The data below should be printed in full, exactly, and without any of its images.

*SUPPLIED MATERIAL*:

--*--

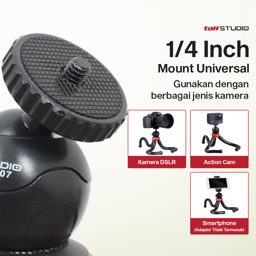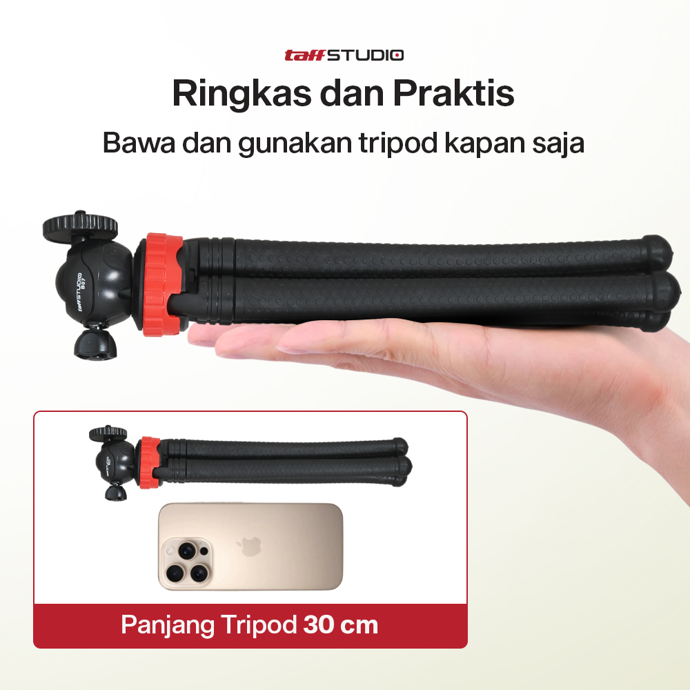 Abadikan momen spesial di mana saja kini lebih praktis dengan tripod kamera TaffSTUDIO. Menawarkan model gorilla dengan kaki fleksibel, Anda dapat membawa dan memasang tripod di berbagai tempat. Tinggi 30 cm pas untuk hasilkan berbagai angle dan mudah dibawa selama travelng. Atur posisi dan angle kamaera untuk tangkap berbagai momen dengan tripod kamera TaffSTUDIO!
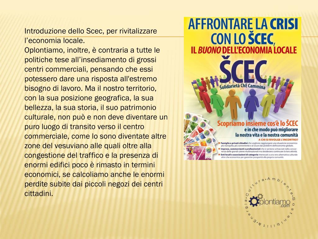 Introduzione dello Scec, per rivitalizzare l’economia locale. Oplontiamo, inoltre, è contraria a tutte le politiche tese all’insediamento di grossi centri commerciali, pensando che essi potessero dare una risposta all'estremo bisogno di lavoro. Ma il nostro territorio, con la sua posizione geografica, la sua bellezza, la sua storia, il suo patrimonio culturale, non può e non deve diventare un puro luogo di transito verso il centro commerciale, come lo sono diventate altre zone del vesuviano alle quali oltre alla congestione del traffico e la presenza di enormi edifici poco è rimasto in termini economici, se calcoliamo anche le enormi perdite subite dai piccoli negozi dei centri cittadini.
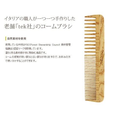 イタリア職人がひとつひとつ手作りした老舗ブランド「Tek社」人気の木製 ヘアーブラシ コームです。使用している木材はFSC(Forest StewardshipCouncil 森林管理協議会)認証マークを取得しています。髪や頭皮にも優しく、温もりあるウッド素材感が手に馴染む逸品です。コームの感覚が狭い部分と広い部分がありますので、お好みの方で使い分けすることができます。
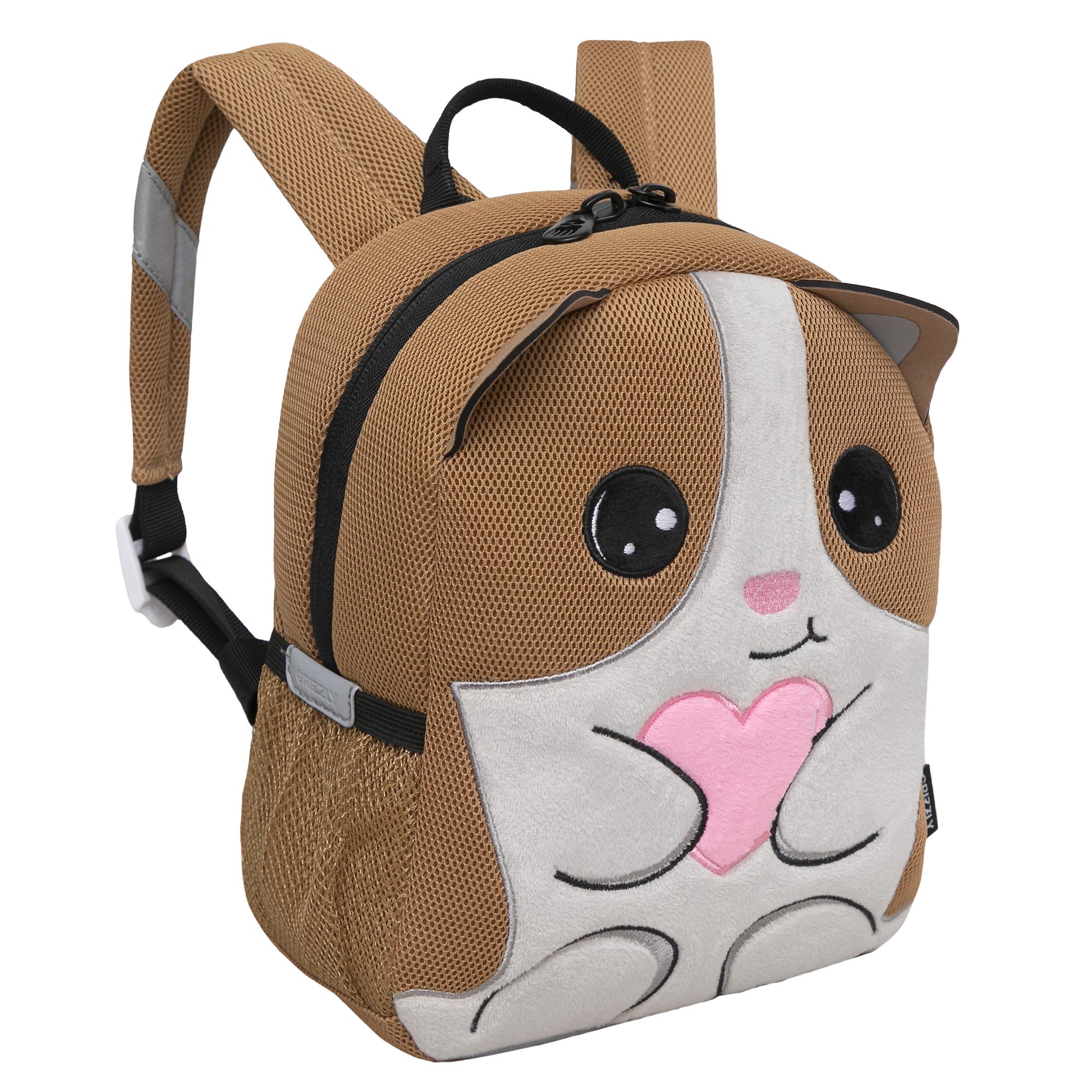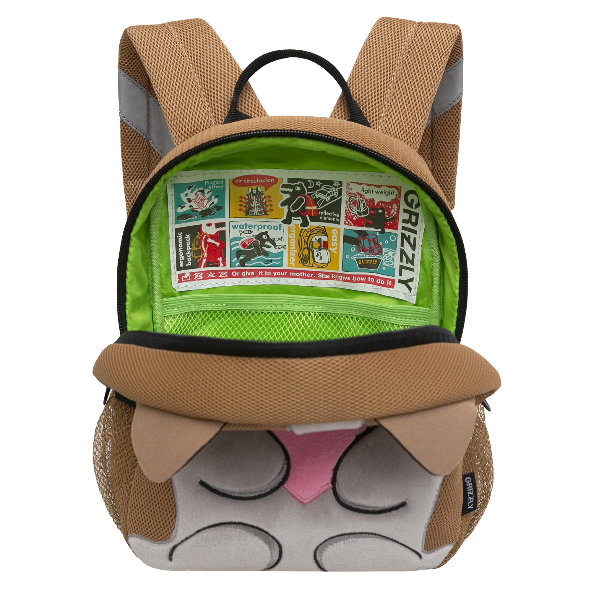 Легкий детский рюкзачок Grizzly наверняка станет верным и незаменимым спутником для Вашего малыша. С таким рюкзачком можно ходить в детский сад, на прогулку, в гости, а можно использовать его в качестве игрушки. У рюкзака одно отделение на молнии, в которое легко поместятся и карандаши, и фломастеры, и небольшой блокнот, и любимая игрушка, а внутренний кармашек из сетки с резиночкой позволит  поддержать порядок внутри рюкзачка. В кармашки сбоку можно положить бутылочку с водой. Есть ручка-петля для переноски. Мягкая спинка, регулируемые лямки и фастекс со свистком делают рюкзачок очень комфортным. Свисток можно использовать как для игры, так и для дополнительной безопасности. Также мы добавили со всех сторон светоотражающие элементы для безопасности в темное время суток. За счет водо- и грязеотталкивающей пропитки он долго остается как новый. Если рюкзак все же чем-то испачкался, мы рекомендуем ручную стирку в холодной воде.

--*--

*REPLY*:
 Abadikan momen spesial di mana saja kini lebih praktis dengan tripod kamera TaffSTUDIO. Menawarkan model gorilla dengan kaki fleksibel, Anda dapat membawa dan memasang tripod di berbagai tempat. Tinggi 30 cm pas untuk hasilkan berbagai angle dan mudah dibawa selama travelng. Atur posisi dan angle kamaera untuk tangkap berbagai momen dengan tripod kamera TaffSTUDIO!
 Introduzione dello Scec, per rivitalizzare l’economia locale. Oplontiamo, inoltre, è contraria a tutte le politiche tese all’insediamento di grossi centri commerciali, pensando che essi potessero dare una risposta all'estremo bisogno di lavoro. Ma il nostro territorio, con la sua posizione geografica, la sua bellezza, la sua storia, il suo patrimonio culturale, non può e non deve diventare un puro luogo di transito verso il centro commerciale, come lo sono diventate altre zone del vesuviano alle quali oltre alla congestione del traffico e la presenza di enormi edifici poco è rimasto in termini economici, se calcoliamo anche le enormi perdite subite dai piccoli negozi dei centri cittadini.
 イタリア職人がひとつひとつ手作りした老舗ブランド「Tek社」人気の木製 ヘアーブラシ コームです。使用している木材はFSC(Forest StewardshipCouncil 森林管理協議会)認証マークを取得しています。髪や頭皮にも優しく、温もりあるウッド素材感が手に馴染む逸品です。コームの感覚が狭い部分と広い部分がありますので、お好みの方で使い分けすることができます。
 Легкий детский рюкзачок Grizzly наверняка станет верным и незаменимым спутником для Вашего малыша. С таким рюкзачком можно ходить в детский сад, на прогулку, в гости, а можно использовать его в качестве игрушки. У рюкзака одно отделение на молнии, в которое легко поместятся и карандаши, и фломастеры, и небольшой блокнот, и любимая игрушка, а внутренний кармашек из сетки с резиночкой позволит  поддержать порядок внутри рюкзачка. В кармашки сбоку можно положить бутылочку с водой. Есть ручка-петля для переноски. Мягкая спинка, регулируемые лямки и фастекс со свистком делают рюкзачок очень комфортным. Свисток можно использовать как для игры, так и для дополнительной безопасности. Также мы добавили со всех сторон светоотражающие элементы для безопасности в темное время суток. За счет водо- и грязеотталкивающей пропитки он долго остается как новый. Если рюкзак все же чем-то испачкался, мы рекомендуем ручную стирку в холодной воде.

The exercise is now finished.